RECORDS TO PROCESS »
[Start of section]
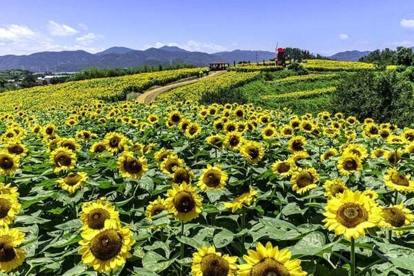 매년 6월부터 7월 사이에 강주 해바라기 축제가 열리며, 이 시기에 방문하면 48,000㎡에 달하는 광활한 해바라기 밭을 감상할 수 있습니다. 노란 해바라기가 만발한 풍경은 사진 촬영 명소로도 인기가 높습니다.
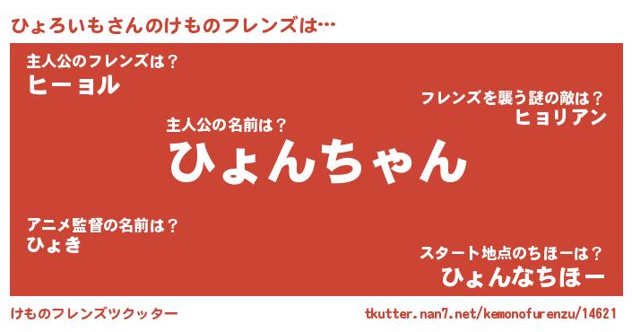 | 2回繰り返すあだ名 | 『ひょひょ』『つかつか』『ひひょょ』 |
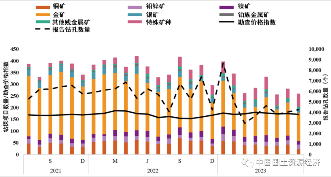 全球矿业公司钻探项目数量和报告钻孔数均处于较低水平。
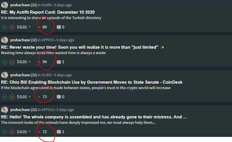 The Comment Farmers are using the same 15SP Army we found 10 days ago farming rewards but this time its only around 80 x 15sp accounts upvoting comments.
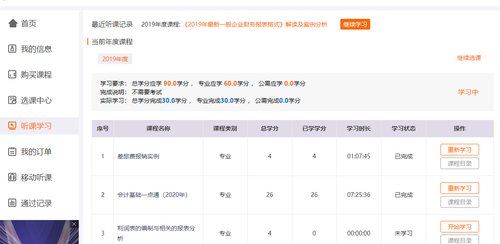 4. 聽課流程:選擇左側(cè)導(dǎo)航欄處聽課學(xué)習(xí),會出現(xiàn)所選的所有課程,如圖所示:若學(xué)員還未開始學(xué)習(xí)時,課程后面彩色字樣是“開始學(xué)習(xí)”;若是一節(jié)課程沒學(xué)完,會顯示“繼續(xù)學(xué)習(xí)”字樣;若是一節(jié)課程完全學(xué)習(xí)完成,相應(yīng)后面會顯示“重新學(xué)習(xí)”字樣,望學(xué)員周知。
[End of section]
ASSIGNMENT »
Start at the first line of the records and write out everything up to and including the line containing "全球矿业公司钻探项目数量和报告钻孔数均处于较低水平。". No pictures.

RESPONSE TO THE TASK »
 매년 6월부터 7월 사이에 강주 해바라기 축제가 열리며, 이 시기에 방문하면 48,000㎡에 달하는 광활한 해바라기 밭을 감상할 수 있습니다. 노란 해바라기가 만발한 풍경은 사진 촬영 명소로도 인기가 높습니다.
 | 2回繰り返すあだ名 | 『ひょひょ』『つかつか』『ひひょょ』 |
 全球矿业公司钻探项目数量和报告钻孔数均处于较低水平。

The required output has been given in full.